I don't wonder why you want to wrap your building with rigid foam. But I do wonder why you would want to clad your building with "lick-and-stick" stone veneer. It's a risky wall cladding.
Your suggested approach -- installing furring strips with adequate fasteners through the foam to the underlying studs, followed by some type of substrate to support your foam veneer -- will work, and it's the proper way to proceed. If your engineer can't figure out the required fasteners, find an engineer who can. There should be enough information in my article on the topic (“Fastening Furring Strips to a Foam-Sheathed Wall”) to get your newly-hired engineer started on the required calculations.
It's not just polyiso- 1.5" of ANY rigid foam on the exterior the sheathing would have to dry primarily toward the interior. Even 1.5" of Type-II EPS would come in at a bit over 1.5 perms (2 perms absolute max).
But 1.5" of EPS would not provide sufficient R value for dew point control at the sheathing in Zone 5, and would not meet code. At 1.5" polyiso would still provide JUST enough dew point control at the sheathing even after derating for climate & stackup, but more is clearly better/safer, and greener overall than XPS. At 1.5" XPS would initially provide sufficient dew point control, but in 50 years probably not, depending on just how fast the HFC blowing agents leaked (doing it's climate damage). For the long term a minimum of 2" would be required if XPS or EPS.
From a long term energy use/cost point of view it's rational to put 3" of polyiso on the exterior of a 2x6 fiber-insulated wall, raising the whole-wall R to about R30 after thermal bridging. If the rest of the house is similarly up to snuff that would make it possible to hit Net Zero Energy with a PV array that actually fits on the house. At the rate the installed cost of PV is falling (looking at 30-40 year trend lines, or "learning curve", in economist-speak) this is relevant. Long before the lifecycle of the house is up, site-sourced PV will be the cheapest form of energy available. In any new design roof orientation and thermal performance that make Net Zero possible is worthwhile to consider.
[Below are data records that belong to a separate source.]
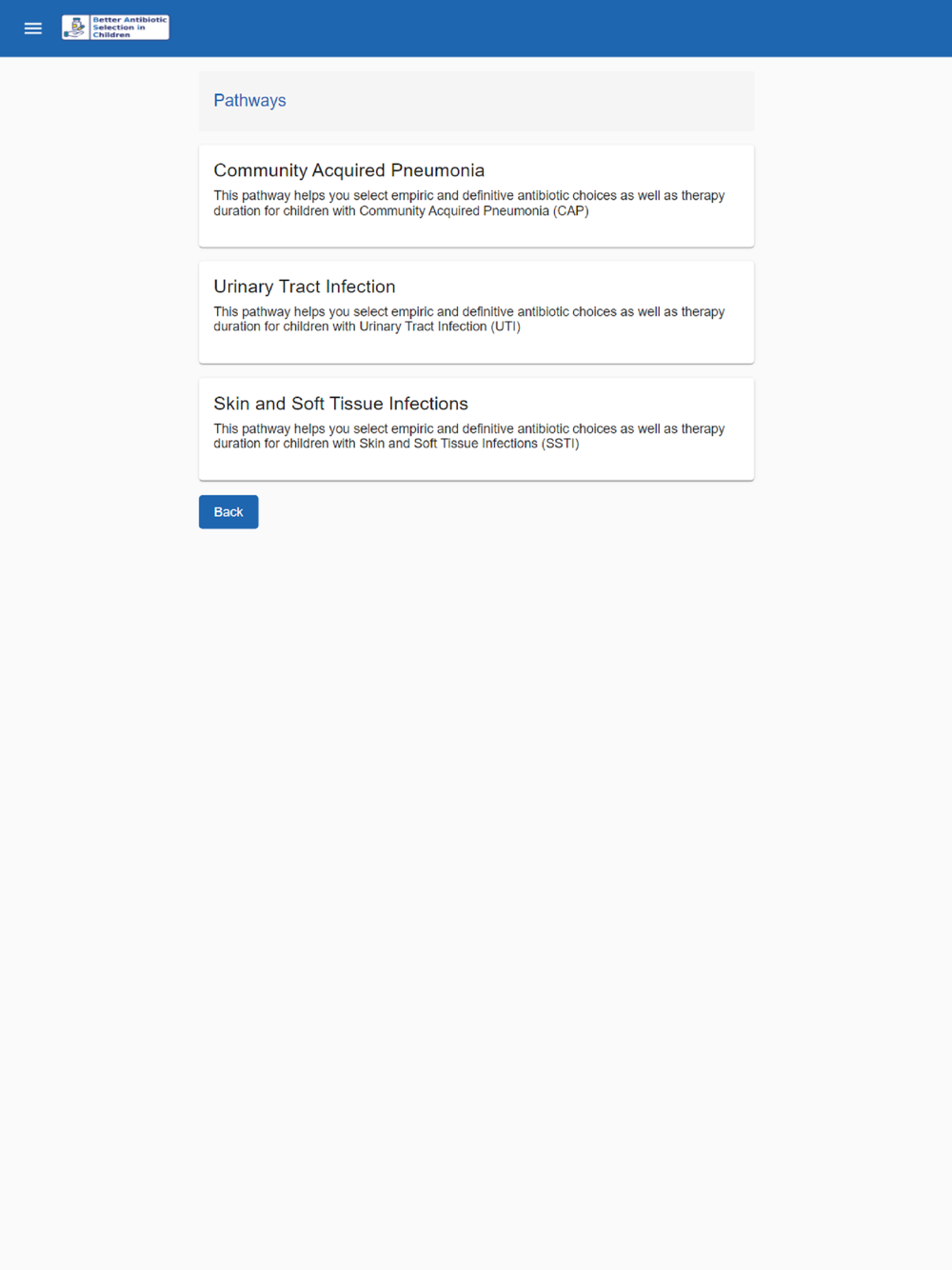 This tool is designed to help you make decisions about what antibiotics to use and for how long when treating children with community acquired pneumonia, skin and soft tissue, or urinary tract infections. Information is designed to align with the project metrics for the American Academy of Pediatrics Value in Inpatient Pediatrics (VIP) Network Better Antibiotic Selection in Children (BASiC) Project.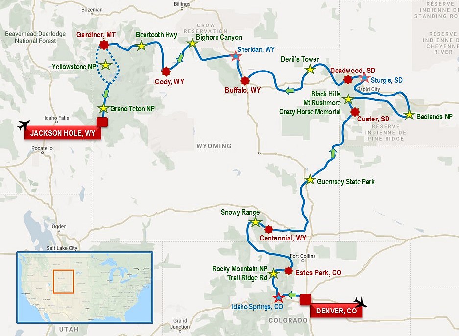 Au départ de Denver, cap sur les Rocheuses, à travers les grands espaces du Colorado, du Dakota du Sud, du Wyoming et du Montana, jusqu'au fabuleux parc national de Yellowstone! Après la Trail Ridge Rd, dans le Rocky Mountain National Park, cap sur les Snowy Range puis les Black Hills, avant les Badlands, le Mt Rushmore, puis Deadwood et Sturgis, la Mecque des motards. Devils Tower, le Bighorn Canyon, Yellowstone & Grand Teton clôturent ce fabuleux itinéraire. Fin du circuit moto à Jackson Hole.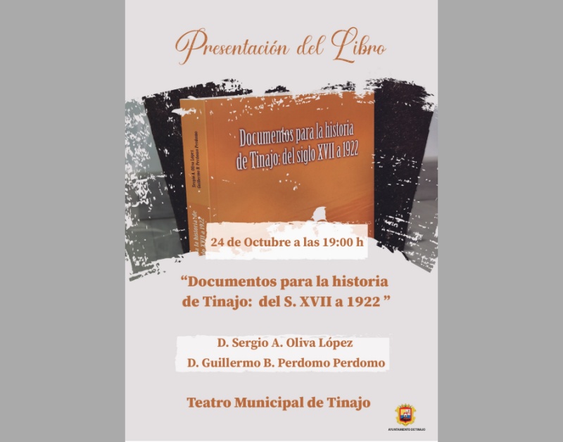 El Teatro Municipal acogerá, el próximo 24 de octubre, a las 19.00, la presentación del libro “Documentos para la historia de Tinajo: del siglo XVII a 1922”, elaborado por Sergio Oliva y Guillermo Perdomo. En la obra menciona a cada uno de los vecinos que vivieron en el municipio a lo largo de tres siglos. Datos que se conservan y se han podido contrastar en el Archivo Histórico Provincial de Las Palmas de Gran Canaria y en el primer libro de casamientos de la parroquia, que comenzó en el siglo XVI.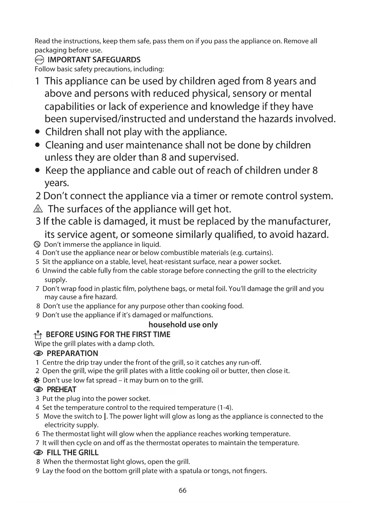 U BEFORE USING FOR THE FIRST TIME Wipe the grill plates with a damp cloth.

How soon will that cost cross-over occur? Estimates range from 6-8 years on the optimistic side, 15-25 years from the sober (and often too conservative) analysts. The trend lines look like this:
Since the year 2000 the installed capacity of PV world wide has been increasing 1.43x/year, year-on-year, doubling roughly every two years (though that rate has been creeping up). The long term learning curve on PV for decades has been that every time the installed capacity doubles, the installed cost drops between 20-25% (more rapidly in recent years). Last year PV hit roughly 1% share of the worlds total electricity source. At the recent 15 year trend of 1.43x year-on-year capacity increase, starting at 1% in 2015 it hits 100% by 2028, and the installed cost will have fallen to 20-25% of the 2015 cost. (~$3.50/watt was the US average for small scale PV in 2015, so it should be well under a buck-a-watt by 2028, if not sooner). With the developing electrification of the transportation sector PV will be disrupting all energy markets through the 2020s, not just electricity. The Saudis aren't crazy to be pumping oil as fast as they can while it still has a price in excess of their production cost.
Will the 1.43x per year continue that long? Maybe not, (in the US it's expected to grow at a 1.6x multiplier in 2016) but it will have to slow by quite a lot to not become the cheapest source of energy in 20 years.
While incremental efficiency improvements in both PV and electricity end-uses slowly shrink the amount of roof real estate necessary to hit Net Zero, it would require true breakthroughs on efficiency to get there with much less than an R30 whole-wall performance. The "extra" 25- 30 cents per square foot for bumping up from 2.5" to 3" on the foam gives it some margin, if Net Zero is a design goal.